After he had asked me several questions about my sickness, he made me lie down on the oilcloth sheet spread on the cot, and examined me. “You’ve hit the nail right on the head this time,” he said cheerfully.

I was glad to have my suspicions confirmed without feeling any shadow of disappointment. I was perfectly calm. “I knew I was,” I said. “I only came to make sure.”

“You can be absolutely sure.”

He rubbed his hands together as joyfully as if he were the father himself and swayed from one foot to the other, all cheerful and full of pleasure for me. Only one thing troubled me and I wanted to make certain. “How far gone am I?” I asked.

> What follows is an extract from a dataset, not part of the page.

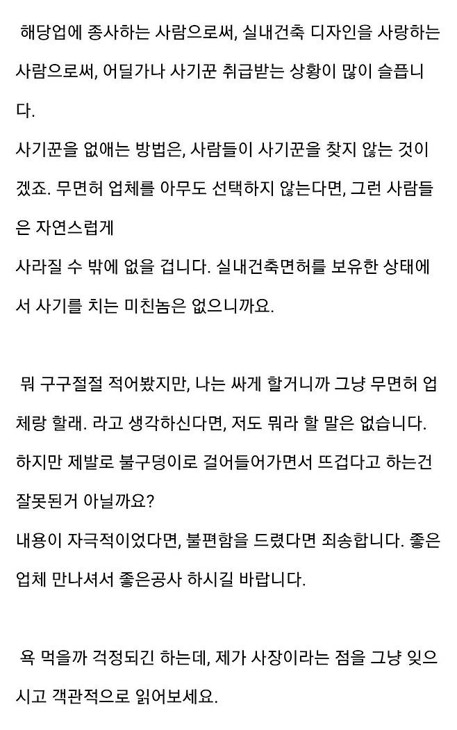 인테리어 공사는 비용도 크고 과정도 복잡하기 때문에 사기를 당하지 않도록 철저하게 준비하는 것이 중요합니다.

“About two months, I should say — more or less. Why? Do you want to know who it was?”

“I know already.”

I went to the door. “If you need anything, come and see me,” he said as he opened the door for me. “And when the time comes, we’ll see that the baby is born under the best conditions possible.” He, like the commissioner of police, was very fond of me. But I liked him, too, whereas I did not like the commissioner at all. I have already described the doctor once. He was a handsome young man, very dark, healthy and vigorous, with a black mustache, bright eyes and white teeth, as cheerful and lively as a gun-dog. I often went to him to have myself examined, at least once a fortnight, and two or three times I had let him make love to me, out of gratitude because he never made me pay him, on the same cot where he had examined me. But he was discreet and, except for an occasional playful gesture, he never tried to force his desire on me. He gave me advice, and I think he was a little bit in love with me in his own way.

I had told him I knew who was the father of my child. Actually, at that moment I only suspected it, instinctively rather than by any real calculation. But when I was out in the street again, counting the days and examining my memories, this suspicion became a certainty. I remembered the long, plaintive cry of agony and pleasure wrung from me in the darkness of my room by the mixture of terror and attraction I had felt for him, and I was sure that the father of my child could be no other than Sonzogno. It was dreadful to know that I had conceived a child by a brutal and monstrous murderer like Sonzogno, particularly since there was a danger that the son might take after his father and inherit his characteristics. On the other hand, I could not help feeling there was some justice in Sonzogno’s paternity. Sonzogno was the only one of all the many men who had made love to me who had really possessed me, beyond any sentiment of love, in the darkest and most secret core of my flesh. The fact that he horrified and frightened me and that I was forced to give myself to him against my will did not alter but confirmed the fact that his possession of me had been complete and profound. Neither Gino nor Astarita nor even Mino, for whom I felt a completely different kind of passion, had aroused in me the sensation of such a legitimate possession, even though I loathed it. All this seemed strange and terrifying; but so it was. Feelings are the only things one cannot reject or deny or even, in a certain sense, analyze. I came to the conclusion that some men are made for love and some for procreation; and if it was only right that I should have a child by Sonzogno, it was no less right for me to detest him and flee from him and to love Mino instead, as I really did.